[[ Dataset, beginning ]]
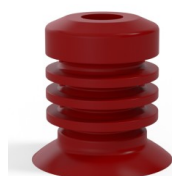
Riferimento variante: 95-2 50SL A
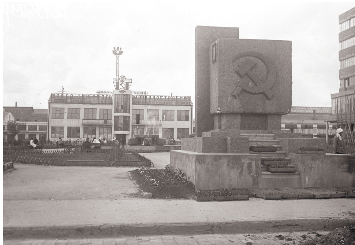
Памятник начальнику Уралмашстроя А.П. Банникову на площади Первой Пятилетки на Уралмаше. 1934 г. ГАСО

ленную зону с жилым массивом. Через мавзолей производилась постоянная сакрализация труда: он закреплял представление о заводе как о месте подвига, формировал образ Уралмаша как особого социального организма, где пространство было организовано по законам идеологической выразительности.
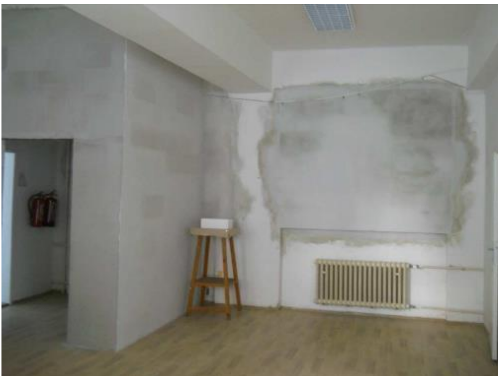
Zazdívky otvorů a úpravy dispozice ve stávající budově včetně omítek
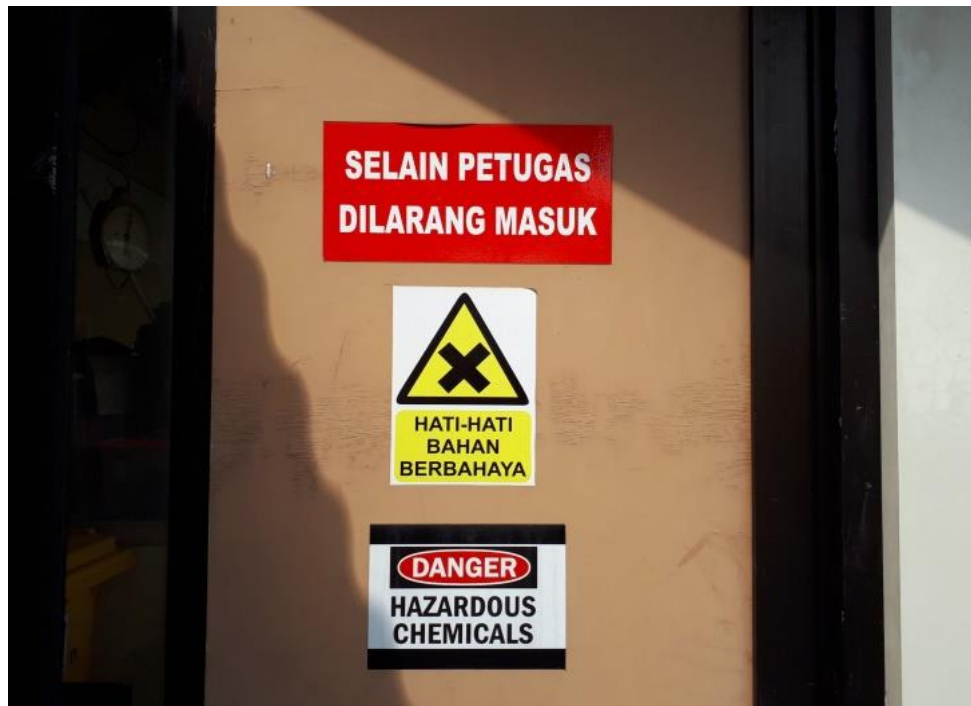
Gambar 4. Poster Pengendalian risiko bahan berbahaya
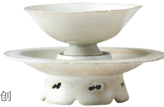
宋代青白釉葵口托杯。
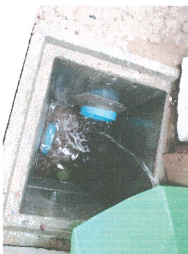
รูปภาพที่ 2.15 การขุดลอกตะกอน
[[ Dataset, end ]]
Please output every line of the listing as it stands, and omit its images.

__Exercise output__.
Riferimento variante: 95-2 50SL A
Памятник начальнику Уралмашстроя А.П. Банникову на площади Первой Пятилетки на Уралмаше. 1934 г. ГАСО

ленную зону с жилым массивом. Через мавзолей производилась постоянная сакрализация труда: он закреплял представление о заводе как о месте подвига, формировал образ Уралмаша как особого социального организма, где пространство было организовано по законам идеологической выразительности.
Zazdívky otvorů a úpravy dispozice ve stávající budově včetně omítek
Gambar 4. Poster Pengendalian risiko bahan berbahaya
宋代青白釉葵口托杯。
รูปภาพที่ 2.15 การขุดลอกตะกอน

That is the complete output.